While using Mercurial if I want to change the current working copy with a specific revision I just do:
$> hg revert good_revision
$> hg commit -m "Now I'm in the good revision"
Then I can see that all my files are int the good_revision state and can start working on it.
So far on fossil I can do a revert but only on specific files, not the entire repository, and update or checkout don't seem to work as I would expect.
How can fossil revert my entire repository to a certain revision?
I'm not sure I quite follow but I think what you want is to be able to create a "multiple heads on one branch" sutuation in Fossil. If yes, then Fossil does support this, just it calls branch's heads "leaves", and this process is called "forking".
To do that, you
fossil update good_revision
and then
fossil commit --allow-fork
You may now spawn fossil ui
, navigate to your branch and see it having two leaves.
You now may close the then-current leaf.
Note that, while supported, this does not appear to be a recommended practice. Instead, Fossil recommends a rather peculiar approach for throwing away changes:
Rename the branch at the "bad" leaf to "mistake" (or create that branch if it doesn't yet exist).

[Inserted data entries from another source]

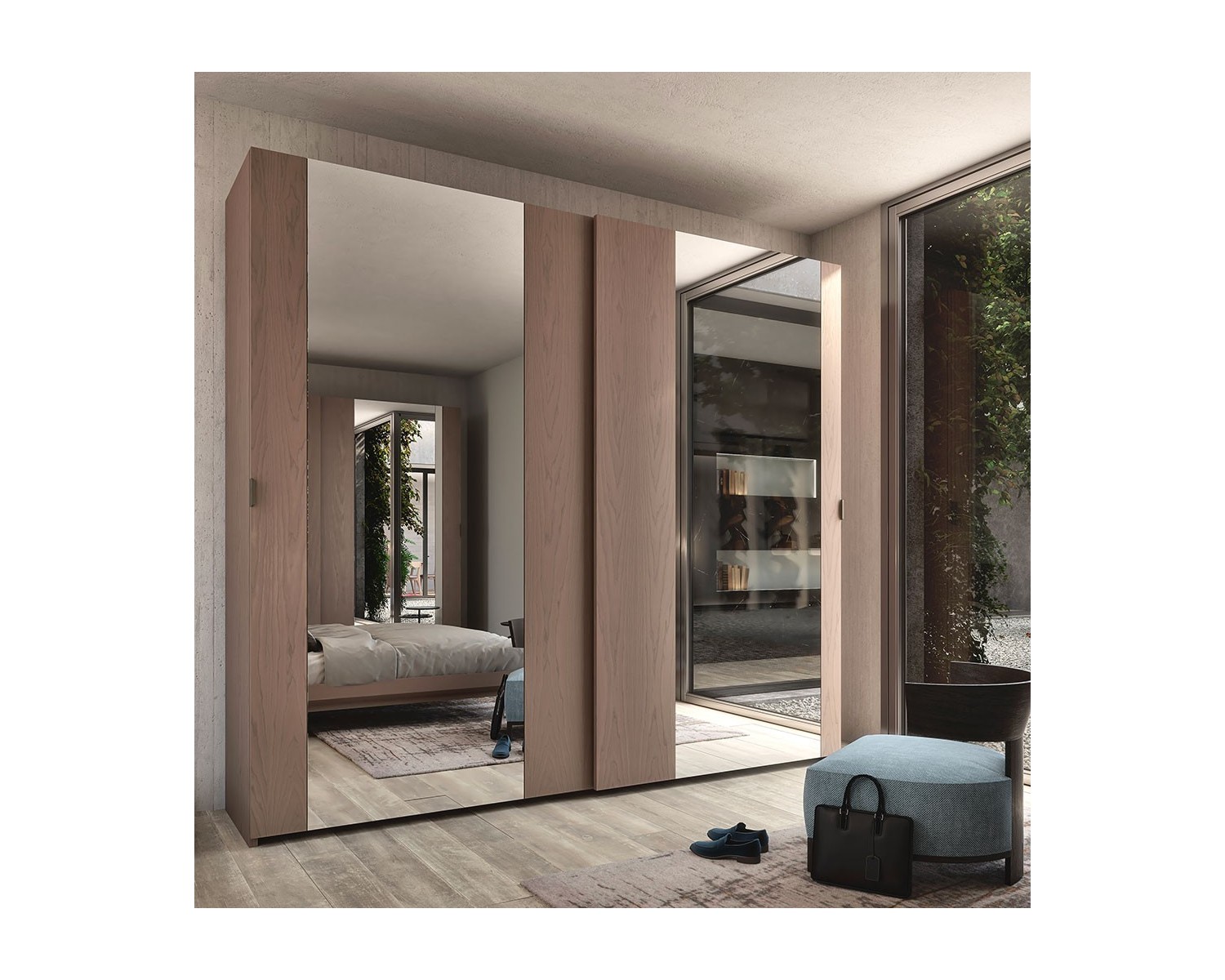 Armadio ante specchio legno massello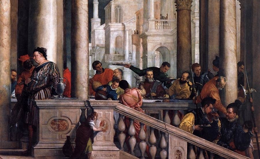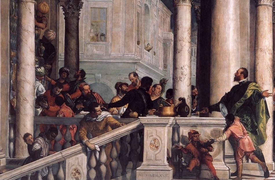...Творение, которое больше напоминает роскошный венецианский банкет, чем скромную трапезу в Иерусалиме. Пять с половиной метров в высоту, почти тринадцать в длину – это вам не картина, это целая площадь под крышей! Под величественными аркадами (будто перенесенными прямиком из палаццо какого-нибудь дожа) Веронезе усадил не скромную дюжину апостолов, а целую толпу – больше сотни персонажей. В центре, конечно, Христос с учениками. Но главное действо – вокруг. Слуги несут горы дичи и фруктов, важно шествует мавр с кувшином, стоят на посту бравые ландскнехты с алебардами (те самые будущие «пьяные немцы» инквизиции), карлик демонстрирует яркого попугая (непременный атрибут роскоши эпохи!), а один слуга... отчаянно пытается остановить носовое кровотечение (видимо, переволновался от масштаба мероприятия). Под столами снуют дети, собаки и даже кошка. А в левом углу, скромным свидетелем, вероятно, пристроился и сам мастер – Паоло Веронезе. Тайная вечеря? Скорее, грандиозный прием в лучших венецианских традициях!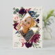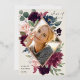 Elegant floral photo graduation announcement features a vertical photo in a diamond shaped frame of watercolor flowers and foliage in rich shades of dusty rose pink, burgundy plum purple, sage green, and dusty dark blue with rose gold foil trim. Personalise with your graduate's name, class year, and school. Add a personal message to the back, along with an additional photo.

By doing this you effectively "mark" the resulting subleaf as a mistake.
Note that the name "mistake" name is just a convention; this branch does not exist in a freshly created repository.
Close the "bad" leaf.
Return to the last-good state using fossil update
, continue hacking.
Since that "last-good" commit still inherits the branch tag of its parent commit, the next commit you record will also inherit it and won't be on the branch "mistake".